Transient Behavior, Nocturnal Activity Patterns, and Feeding Efficiency of Vampire Bats (Desmodus Rotundus) under Natural Conditions

During 5 netting nights, 99 vampire bats (Desmodus rotundus) (37 males, 57 females, five sex unrecorded) were taken in a mist net stretched before the entrance of a permanent cave roost in Tabasco. Each was banded; weight, sex, time of capture, and direction of passage (in or out of the roost) were noted; and the bat was then released. Because 33 individuals were recaptured one or more times, a total of 139 bats was handled. The repopulation of another roost during biweekly intervals following two successive removals of almost all bats present is recorded also.

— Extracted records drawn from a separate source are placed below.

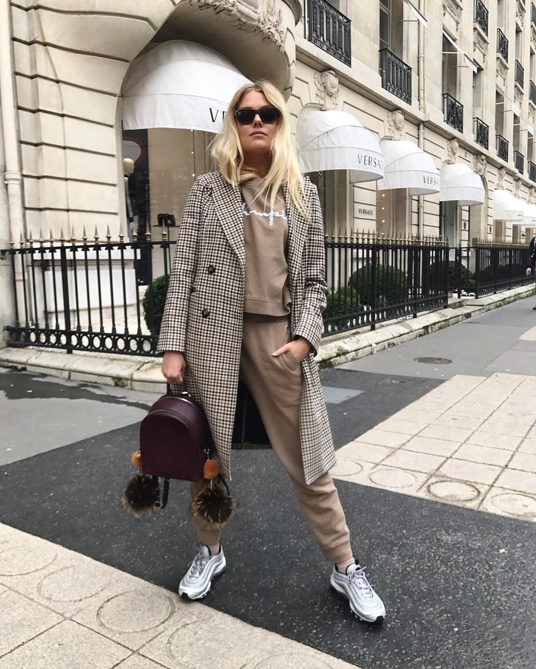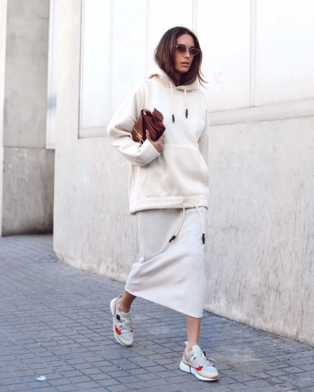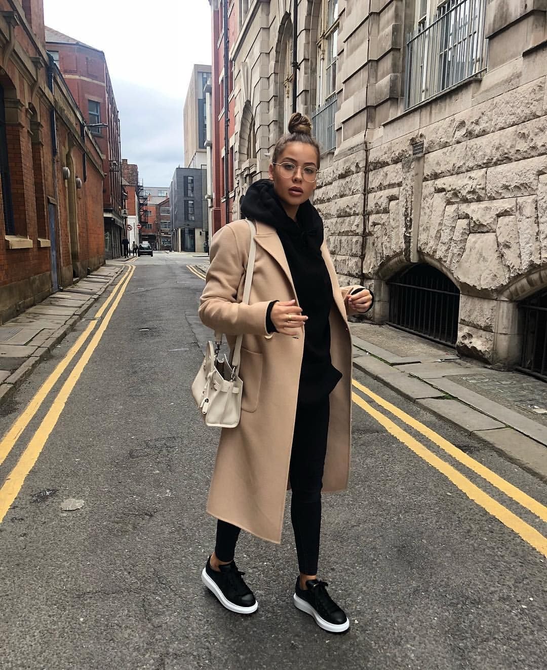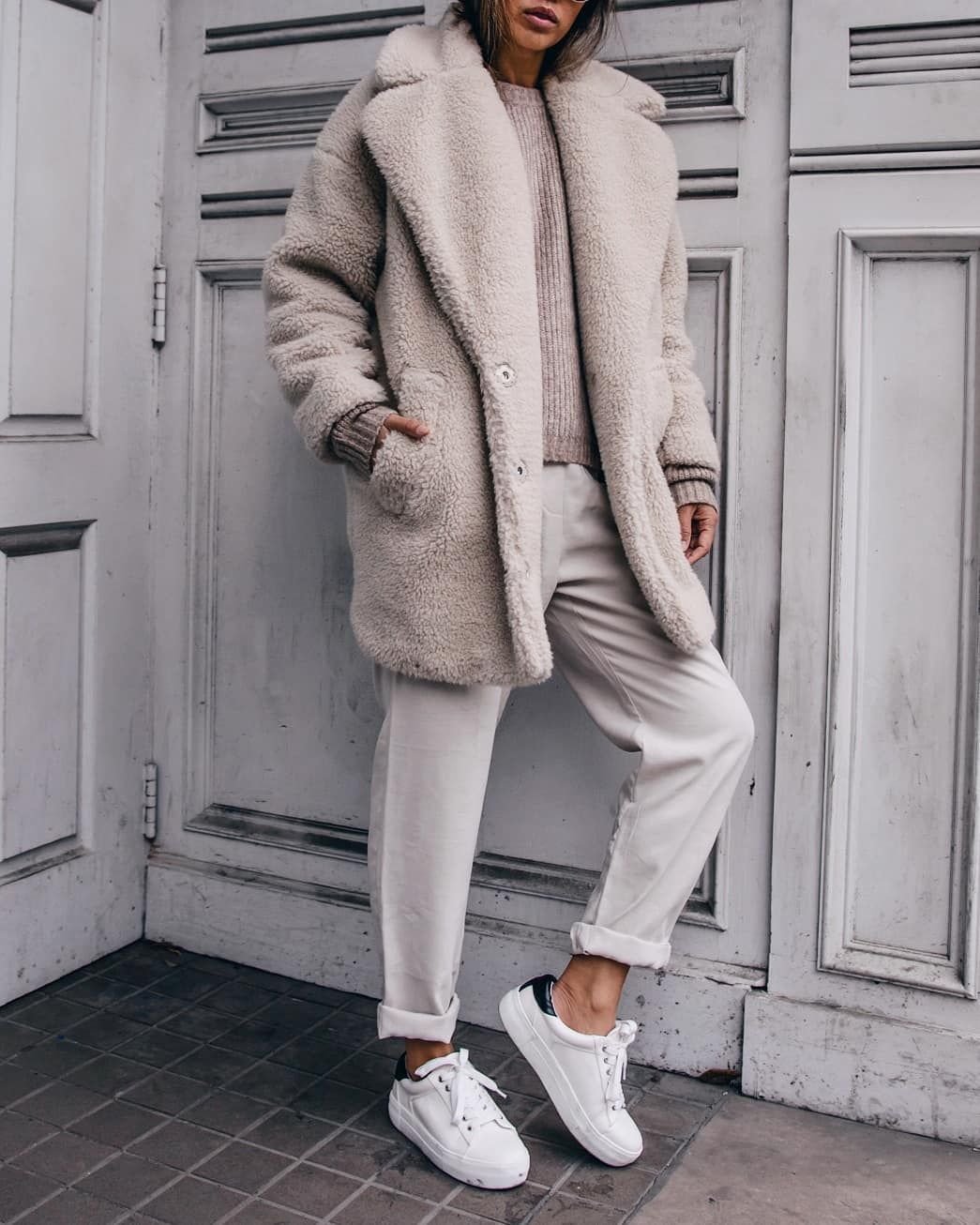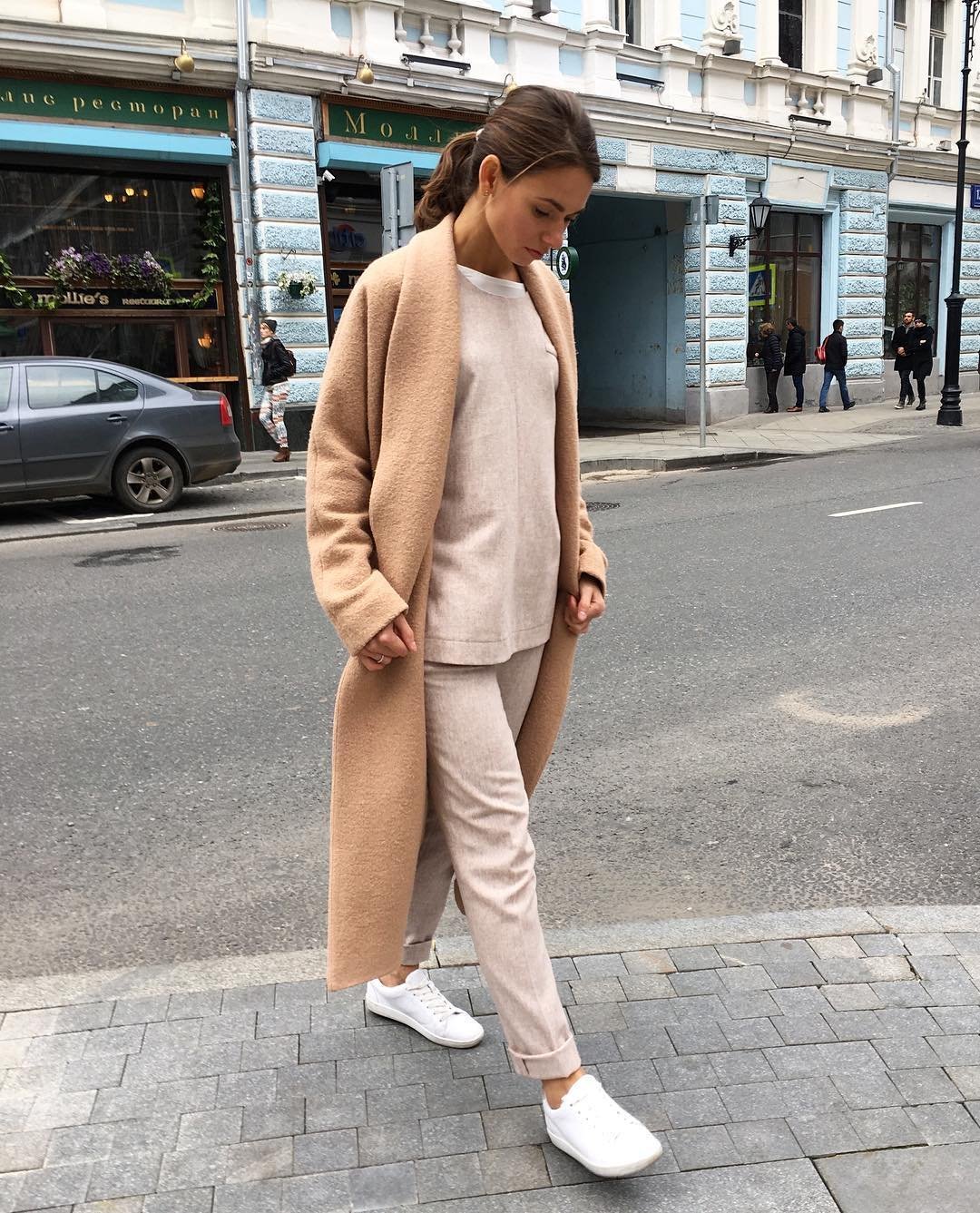 Бежевое пальто и кроссовки
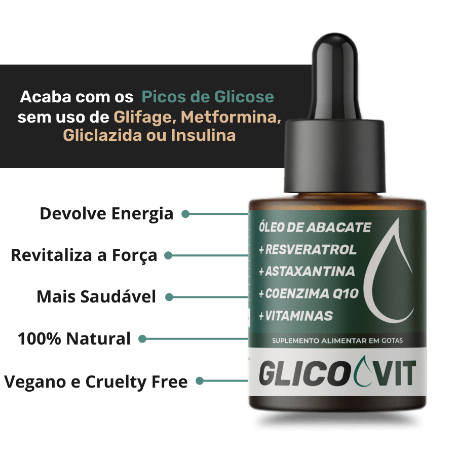 Os ingredientes ativos do GlicoVIT incluem Óleo de Semente da Persêa Americana, Resveratrol Americano, Astaxantina, Coenzima Q10 e Vitaminas B e K.
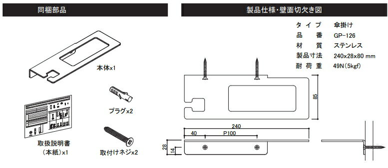 ●戸建て・集合住宅兼用 傘掛け/フック ●傘や買い物袋などで手がふさがって玄関の鍵が開けずらくなる時に、一時的に掛けて置ける万能フック。 ●センターには傘掛け、左側は買い物袋などが掛けられます。 ●セット内容:本体×1、各種取り付けパーツ、取扱説明書 ●サイズ(外寸):H28×W240×D85mm ●仕上げ:サンドブラストブラック ●材質:ステンレス ●耐荷重:49N(5kgf)
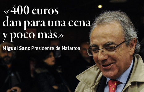 Sanz soltó esta perla en 2008, al hilo de la decisión de José Luis Rodríguez Zapatero de repartir a todos los contribuyentes 400 euros. ¡Cómo han vivido (y cenado) algunos! Y de los impuestos de todos. En unas elecciones se vota por muchas cosas: por afinidad política, imagen de gestión, identidad nacional, religión, creencias, proyectos concretos... Y hay quien se aprovecha y se sigue aprovechando. Para que Sanz pudiera seguir con su sibaritismo gastronómico, UPN lo puso al frente de Audenasa, la empresa semipública de autopistas. Y su amigo Enirque Goñi, el exdirector de CAN, lo puso al frente de Bodegas Sarría pese a tener solo conocimientos enológicos a nivel de usuario. Sus contactos con VW lo auparon al consejo de administración de Truck and Wheel. Curiosamente, también aparece en el consejo de Servicios Ecológicos de Navarra, una empresa especializada en deshacerse de vertidos tóxicos con una ubicación sorprendentemente cercana a MercaIruña, el lugar donde desembocan los alimentos frescos que abastecen a media Nafarroa. Y a pesar de todos estos cargos, cobró cesantías por dejar de ser presidente de Nafarroa hasta que se le agotaron –un 80% del sueldo de lo que antes cobraba, durante dos años–. (Jagoba MANTEROLA-ARGAZKI PRESS)

Analysis of these data suggest the following conclusions: 1) within a given population there may be multiple diurnal roosts among which individuals shift on a more or less daily and perhaps opportunistic basis (it has generally been assumed that vampires use a single home roost to which the same individuals return each day); 2) maximum foraging activity is restricted to the earlier hours of the evening; 3) vampires forage only after dark, the mean foraging time being estimated to be about 2 hours; 4) vampires seem not to utilize temporary nocturnal roosts in the usually Accepted sense, but return directly to a diurnal roost after foraging; 5) most individuals probably forage only once nightly; 6) heavy precipitation tends to suppress foraging activity; 7) differences in foraging pattern between the sexes were not apparent; 8) the amount of blood consumed may depend upon the length of the foraging period; 9) wild vampires probably consume not less than 20 per cent (of fasting body weight) more blood per diem than vampires in captivity, but variation from day to day apparently is great.